> [Directions for this task]: Your reply must hold the lines from the one containing "本日から1・2年生は期末テスト。3年生は卒業式練習が始まりました。" to the end of the entries, copied exactly, with pictures excluded.

> [Data for this exercise]:

BEGIN

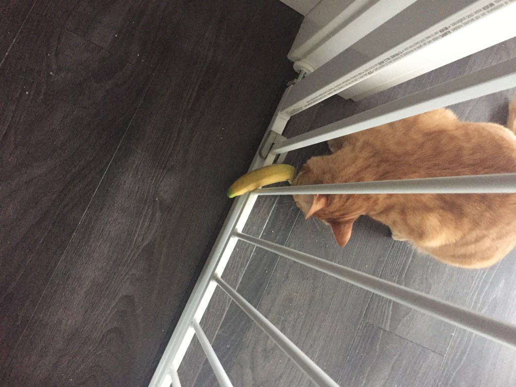 Bobo is a banana thief. I was minding my own business and heard an obscure bump bump in the hallway. This week we bought the small bananas at the grocery store because I like them. Apparently they are the perfect size for a banana bandit. It must be terrifying for a small banana, to be carried around the house by a banana bandit.
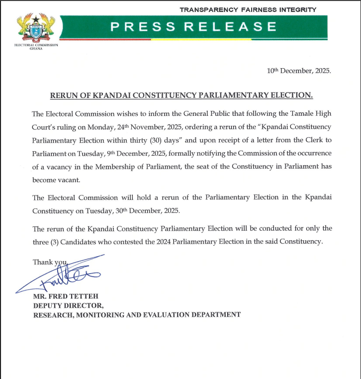 The Electoral Commission (EC) has announced that the rerun election for the Kpandai constituency will take place on December 30, 2025. The decision follows a ruling by the Tamale High Court on Monday, 24th November 2025, which ordered a rerun of the election within thirty days.
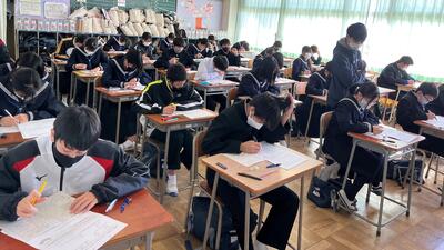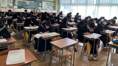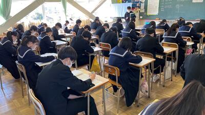 本日から1・2年生は期末テスト。3年生は卒業式練習が始まりました。
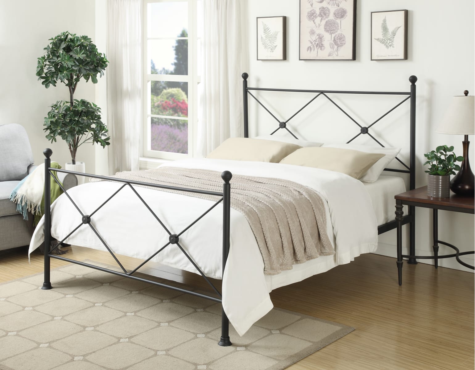 - Post style headboard and footboard with finials feature a simple "X" design motif
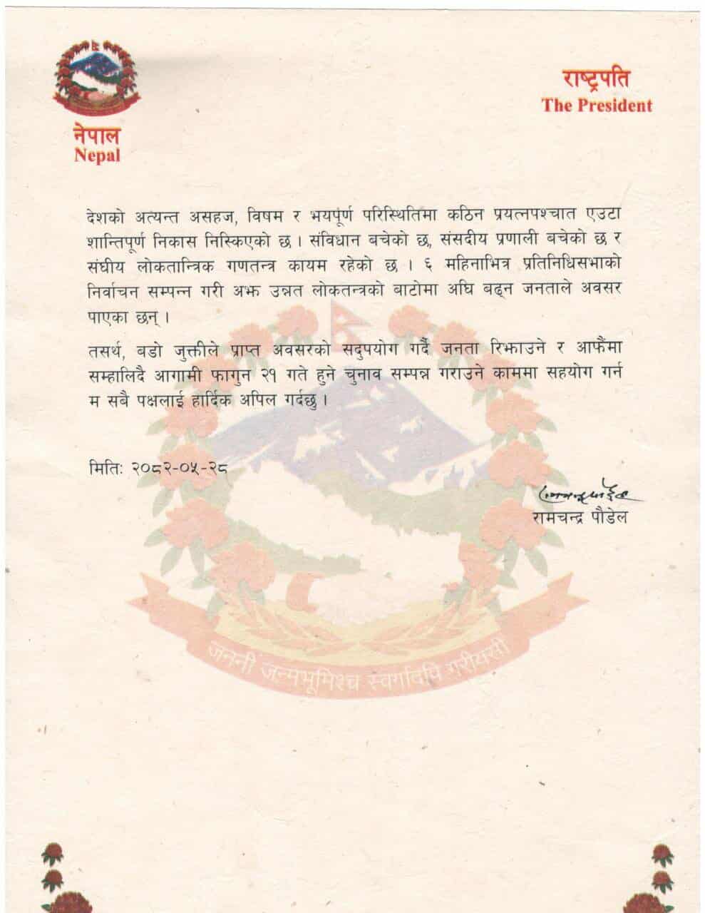 तर, शनिबार राष्ट्रपति पौडेलले परिस्थितिअनुरुप शान्तिपूर्ण निकास निस्किएको अवस्थामा प्रतिनिधि सभा विघटनको निर्णय स्वीकारेर निर्वाचन गराउन सबैलाई सहयोग गर्न अपील गरेका हुन् ।

END

> [Answer space]:
 本日から1・2年生は期末テスト。3年生は卒業式練習が始まりました。
 - Post style headboard and footboard with finials feature a simple "X" design motif
 तर, शनिबार राष्ट्रपति पौडेलले परिस्थितिअनुरुप शान्तिपूर्ण निकास निस्किएको अवस्थामा प्रतिनिधि सभा विघटनको निर्णय स्वीकारेर निर्वाचन गराउन सबैलाई सहयोग गर्न अपील गरेका हुन् ।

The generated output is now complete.